Миссис Браун снова надела капор, убрала под него выбившиеся пряди. Я осознала, что моя реплика, возможно, прозвучала как упрек в бездельничанье. Она морщила лоб в вечной тревоге, как это свойственно человеку, который знает, что он не вправе распоряжаться собственным временем. Так было и со мной много лет назад, когда я жила в доме священника, с болью вспомнила я.
Мне хотелось объясниться, изменить наш разговор, придать ему другой характер.
– Мы находимся далеко от дома, миссис Браун. Обе. И вы, и я.

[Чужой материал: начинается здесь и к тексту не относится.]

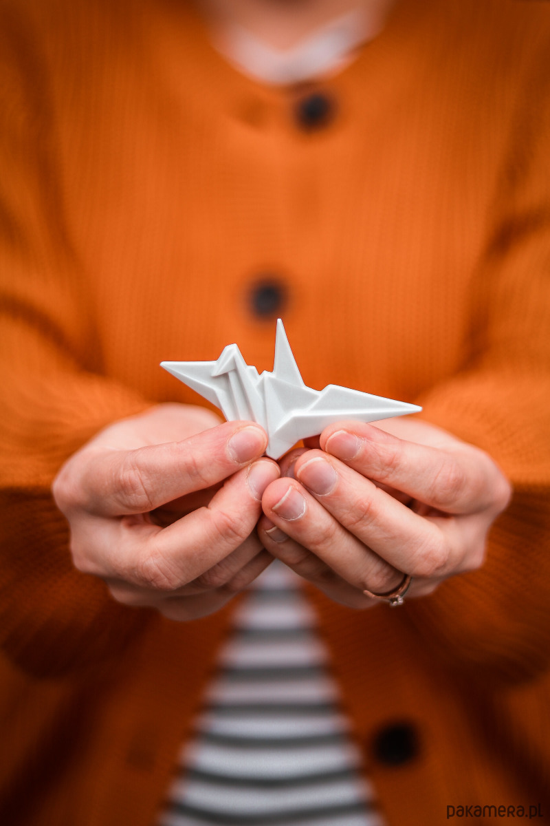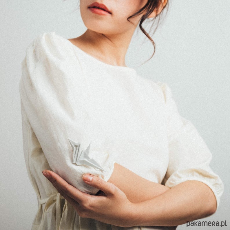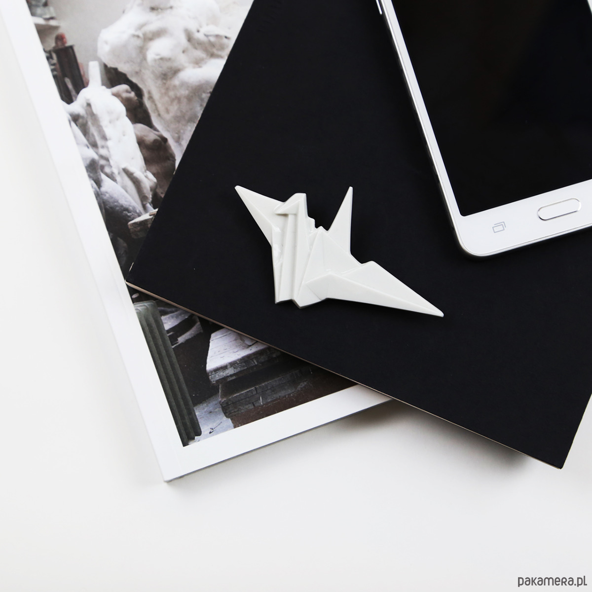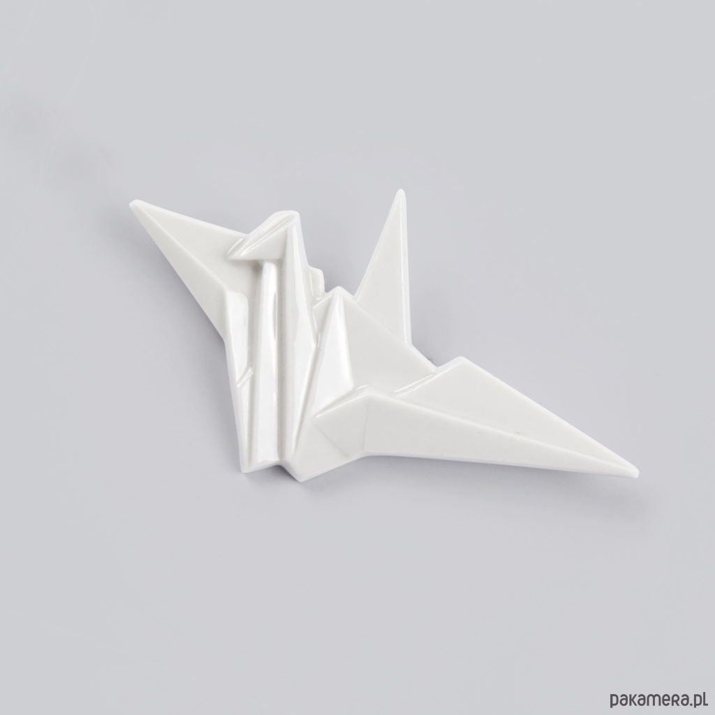 Porcelanowa broszka w kształcie żurawia to ręcznie robiona biżuteria inspirowana tradycyjną japońską sztuką Origami.

Сказав это, я сообразила, что мою фразу можно расценить как прелюдию к вопросу о том, из-за какого преступления она оказалась здесь, за тридевять земель от дома. У меня не было желания принуждать ее идти по этому пути, и я поспешила продолжить:
– Я выросла близ реки Теймар, и в детстве, если отцу случалось куда-то поехать, не дальше Эксетера, думала, что он отправился чуть ли не в кругосветное путешествие.
Видя, что не развеяла ее подозрений, я повторила попытку.
– Он был фермером. Умер, когда я была совсем малышкой.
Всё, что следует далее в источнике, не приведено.